» EXERCISE DIRECTIONS: Search the entries for the line containing "Washington, D.C., August". Repeat it, then every line after it, exactly through the final line.

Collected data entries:
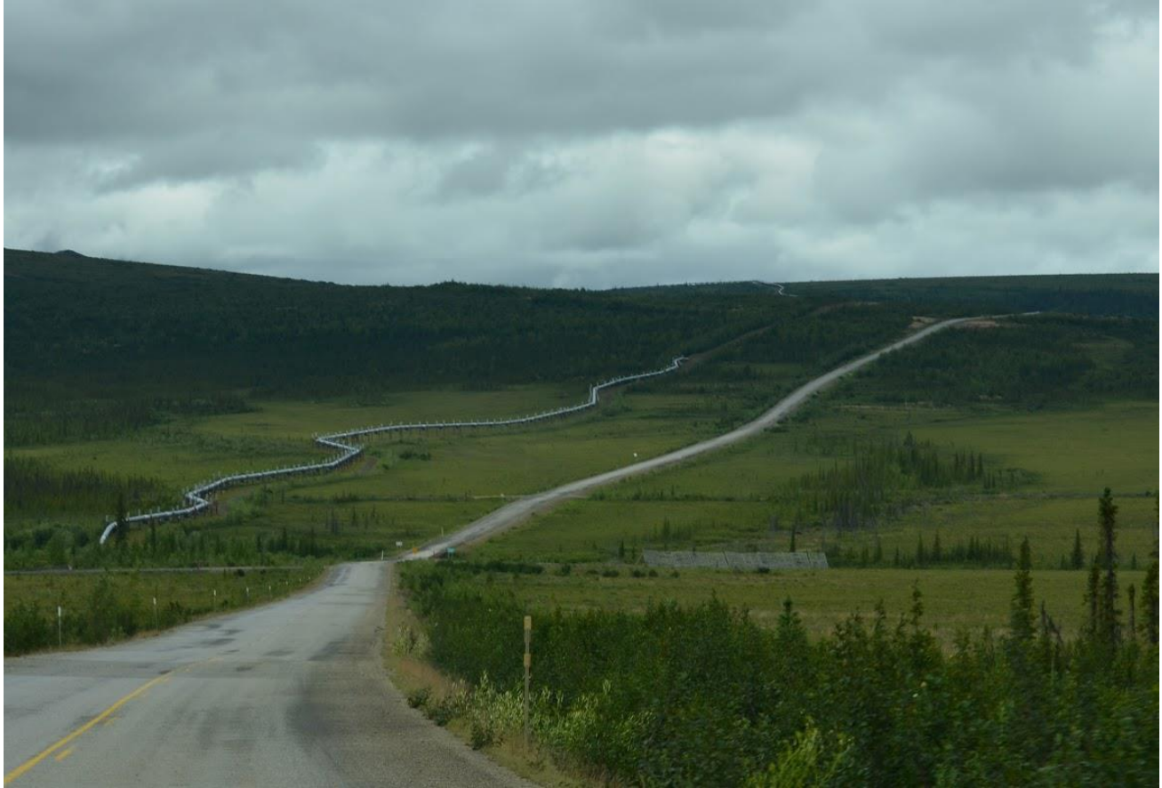
Figure 3: The Trans-Alaskan pipeline snakes across the Alaskan landscape.

The oil and gas industry is intricately tied into the Alaskan economy and its residents' quality of life. Approximately 93% of Alaska's General Fund ($8.86 billion in fiscal year 2012), which covers education, transportation, public health and many other important services is provided by the oil industry. Widespread opposition to the pipeline establishment led to another benefit to Alaskan residents, the Alaska Permanent Fund. Twenty five percent of all oil revenues made by the industry would be paid into this fund for future generations, who would no longer have oil as a resource. A dividend is paid to each Alaskan citizen each year and it averages around $1,000 per person. As we have witnessed recently closer to home, the acquisition and transport of oil is risky business and accidents can occur, leading to disastrous results such as the Deepwater Horizon Spill and the well-known Exxon Valdez Spill. Oil spills and mining-related activities cause the most devastating impacts to Alaska's natural ecosystems, rather than urban development which is more prevalent in South Florida. Urban development is less of a problem for Alaskan ecosystems due to the fact that Alaska is the third least populous state in the country. There are more
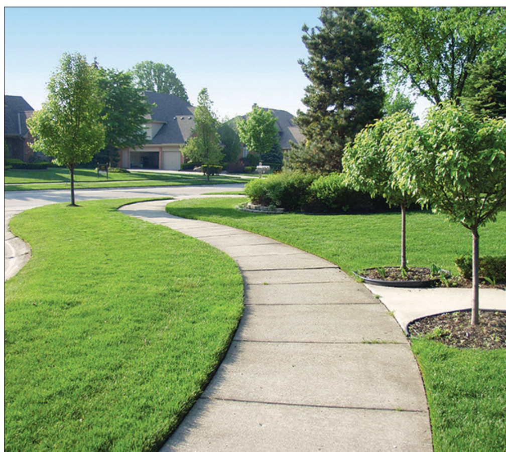
METRO CREATIVE CONNECTION

Mowing too frequently or at too low a height may compromise the lawn's ability to thrive. Grass cut to the proper height develops a deep root system to better locate water and nutrients in the soil. That means homeowners may not have to water as much or as frequently. Taller lawns also shade the soil and the roots, reducing some evaporation.
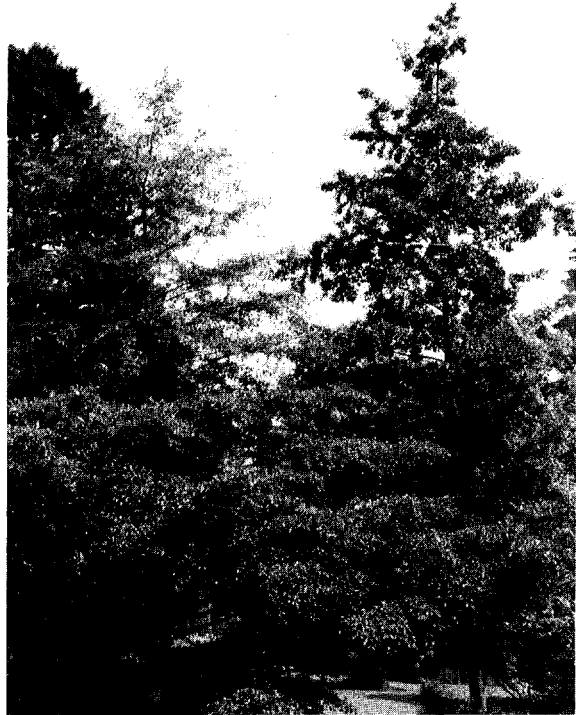
Fig. 5. The 'cut-leaf' alder, Alnus glutinosa 'Incisa', growing with the Italian alder, Alnus cordata at Batsford Park, England.
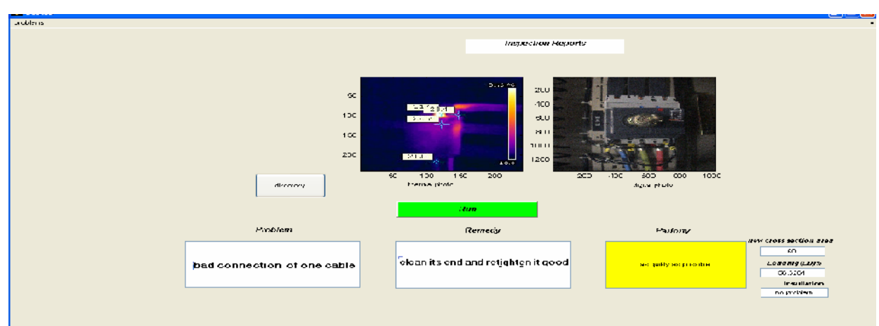
Figure(3): Report (1), Heating along 20 cm of one core, SU= 2.
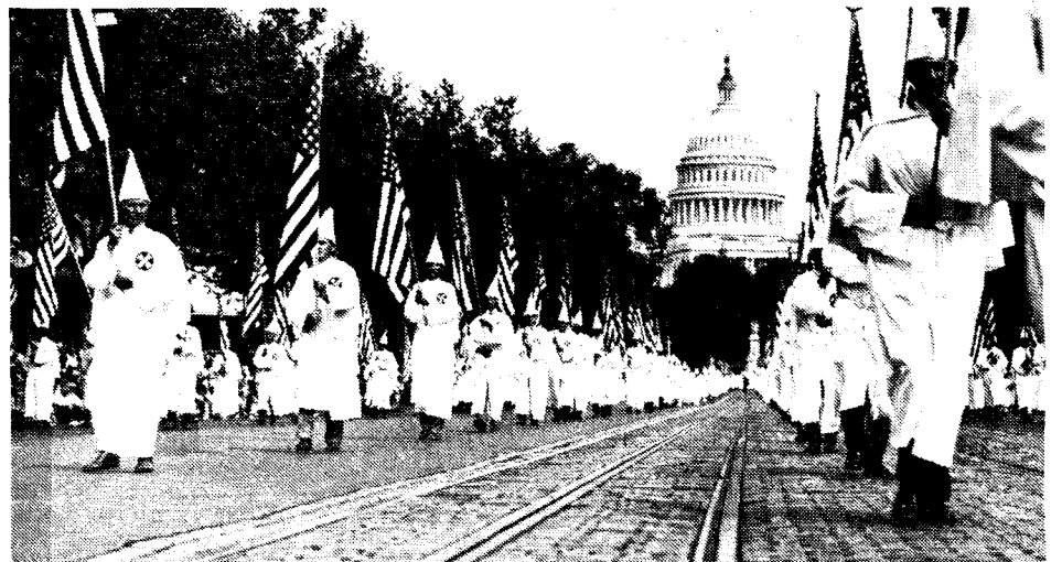
Washington, D.C., August 1925—40,000 Klansmen marched. It must not happen again!

The Klan was born out of the heat of bloody counterrevolution in the South after the Civil War. The Second American Revolution, which was begun to prevent secession, ended by crushing the Southern slave system and placing the industrial-based Northern capitalists (represented by the Republican Party) in command. To consolidate its victory the revolutionary bourgeoisie granted formal political rights to the freed slaves, and during Reconstruction black

» TASK RESPONSE:
Washington, D.C., August 1925—40,000 Klansmen marched. It must not happen again!

The Klan was born out of the heat of bloody counterrevolution in the South after the Civil War. The Second American Revolution, which was begun to prevent secession, ended by crushing the Southern slave system and placing the industrial-based Northern capitalists (represented by the Republican Party) in command. To consolidate its victory the revolutionary bourgeoisie granted formal political rights to the freed slaves, and during Reconstruction black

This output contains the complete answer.